Learning Generalizable Graph Heuristics via Reinforcement Learning with Applications to Cyber-Attack Path Discovery
Date:
Graph-based combinatorial optimization (GCO) is central to many real-world applications, as graph structures are well suited to model complex interactions and dependencies. However, exact solvers are often computationally intractable, while handcrafted heuristics are difficult to design and rarely generalize well across diverse graph instances. Recent advances have explored reinforcement learning (RL) to automatically learn graph-based heuristics through sequential decision-making over discrete graph components that collectively form a solution. Nevertheless, designing scalable learning heuristics that effectively generalize across diverse graph instances remains a major challenge.
In this talk, I will present our “projection”-based RL agents, whose key innovation is operating in continuous latent action spaces defined by GNN embeddings, rather than directly searching large discrete combinatorial spaces. The agents learn to project target decision variables into this latent space, where their latent representations are decoded into discrete graph solutions. Our approach outperforms state-of-the-art discrete and iterative methods on classical GCO benchmarks such as Maximum Cut, while achieving even stronger gains in real-world networking applications, including critical attack path discovery and traffic engineering.

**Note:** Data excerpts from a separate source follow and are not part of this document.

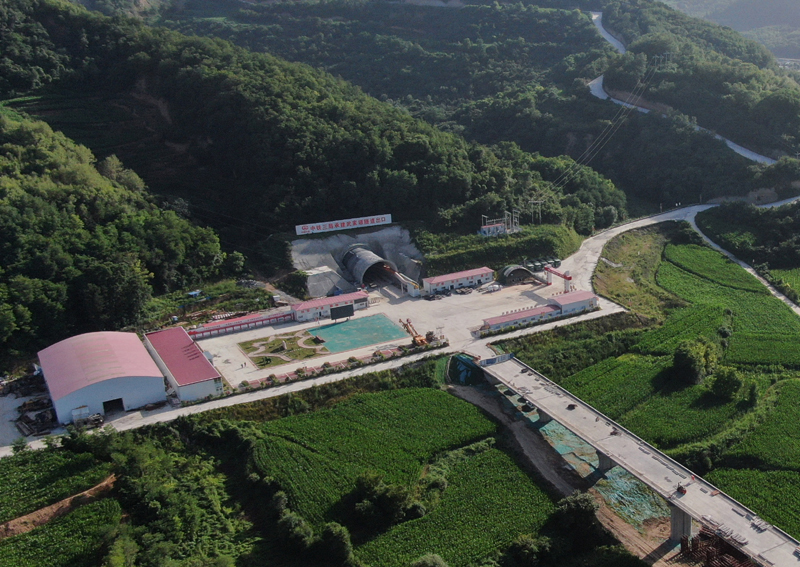 这是位于陕西省延安市富县的西延高铁富县隧道进口(7月21日摄,无人机照片)。
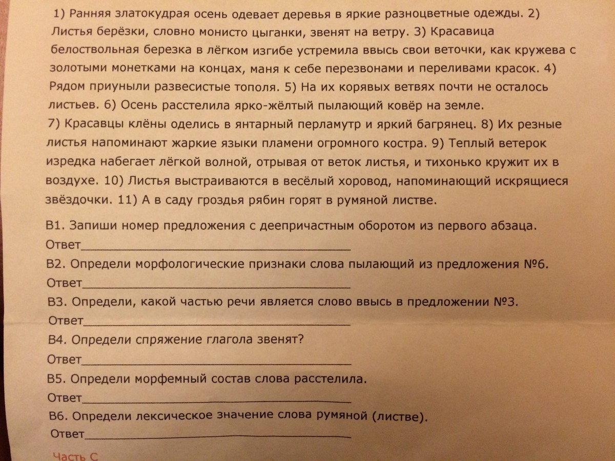 В5 - префикс (рас), корень (стел), суффикс (ил) окончание (а)
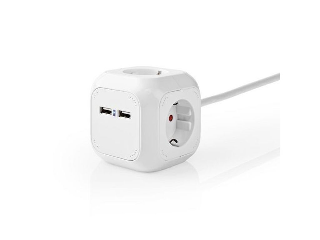 Nedis® kubformade uttag är utrustat med kabel av hög kvalitet (3x 1.5 mm²) och är ledande inom grenuttag för konsumentmarknaden. Det har 4 barnsäkra eluttag som gör att du slipper koppla i eller koppla ur enheter hela tiden. Det lilla formatet och den specifika formen gör att det här grenuttaget kan användas nästan överallt. 2 USB-portar ingår, med en sammanlagd effekt på 10.5 W (2.1 A) för att ladda dina mobila enheter eller driva USB-Bluetooth®-högtalare så att du kan lyssna på musik samtidigt som du får jobbet gjort. - Kubformat grenuttag - 4-vägs - 2x USB - 1.5 m 3x 1.5 mm² - Vit
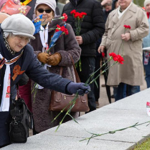 5月8日,在俄罗斯圣彼得堡谢拉菲莫夫公墓,人们参加献花仪式。
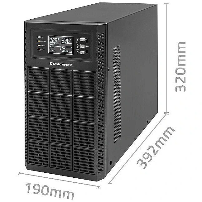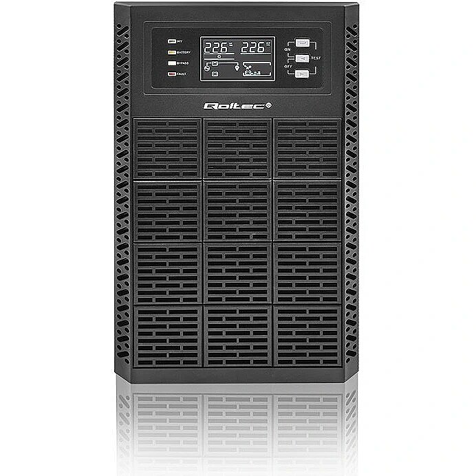 Qoltec  UPS units offer stable interference-free pure sine wave power. It's complete protection for your devices, thanks to the double conversion, which first converts the AC of the mains supply to DC and then to AC, ensuring the highest level of power quality and protecting against potential mains disturbances such as voltage drops, power outages, surges and failures.
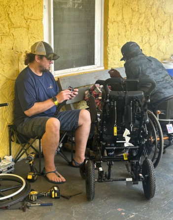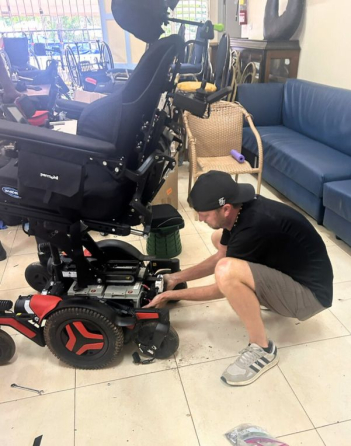 Back home, the team matches each resident with the most suitable wheelchair available, sourcing chairs from manufacturers, donations, or gently used chairs. Volunteers rebuild and modify the wheelchairs, installing custom seating systems and labeling each chair with the resident’s name and evaluation details. Every chair is carefully checked for safety and quality before being packed for shipment.
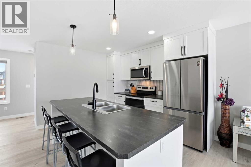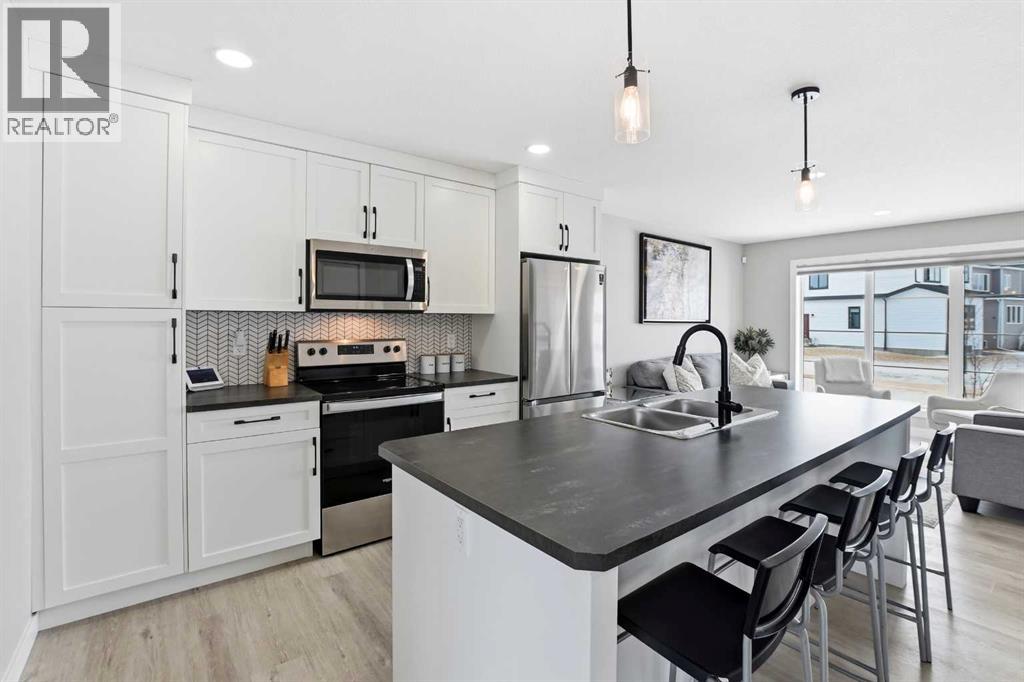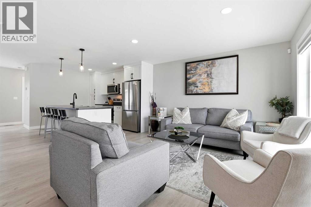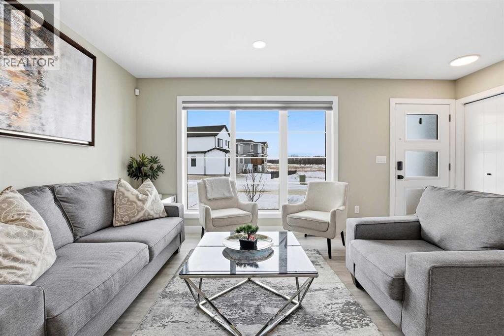 Welcome to this beautifully designed Falcon Homes townhouse in desirable Liberty Landing. Offering modern convenience, exceptional finishes, and effortless living. Sold FULLY FURNISHED and completely move-in ready, this is a rare opportunity to step into a professionally styled home with everything already done for you.Located in Liberty Landing, just minutes from Gasoline Alley, you’ll enjoy quick access to shopping, markets, restaurants, and Highway 2. The community offers exceptional amenities, natural wetlands, abundant green space, and close proximity to an urban center.This functional 2-storey plan is thoughtfully designed for everyday living. The main floor showcases gorgeous vinyl plank flooring, large living room windows that allow in plenty natural light, and a bright open-concept layout. The kitchen features beautiful cabinetry, a full tile backsplash, stainless steel appliances, and a sit-up island perfect for casual dining or entertaining. A spacious dining area, convenient 2-piece bathroom, and access to the back deck.Upstairs you’ll find 3 bedrooms, including a stunning primary retreat with its own 3-piece ensuite featuring a tiled shower with glass door. An additional 4-piece bathroom with tiled tub surround serves the upper level.The fully finished basement adds incredible versatility, offering a large recreation room, a 4-piece bathroom, and space with potential for a 4th bedroom, home office, or gym. Outside, enjoy the fully fenced and landscaped yard, perfect for relaxing or entertaining, along with off-street parking for added convenience.Best of all there are NO condo fees and the remainder of the new home warranty to be transferred to new owner. A beautiful blend of style, functionality, and location in one of the area’s growing communities. (id:63190)

The talk will then particularly focus on the cyber-attack path discovery benchmark, demonstrating how learned heuristics can proactively anticipate attack paths before they occur. It will also present complementary contributions on the supporting simulation and training framework, including enhanced realism in simulation dynamics and training scenarios, moving toward an end-to-end solution for more effective cybersecurity mitigation strategies.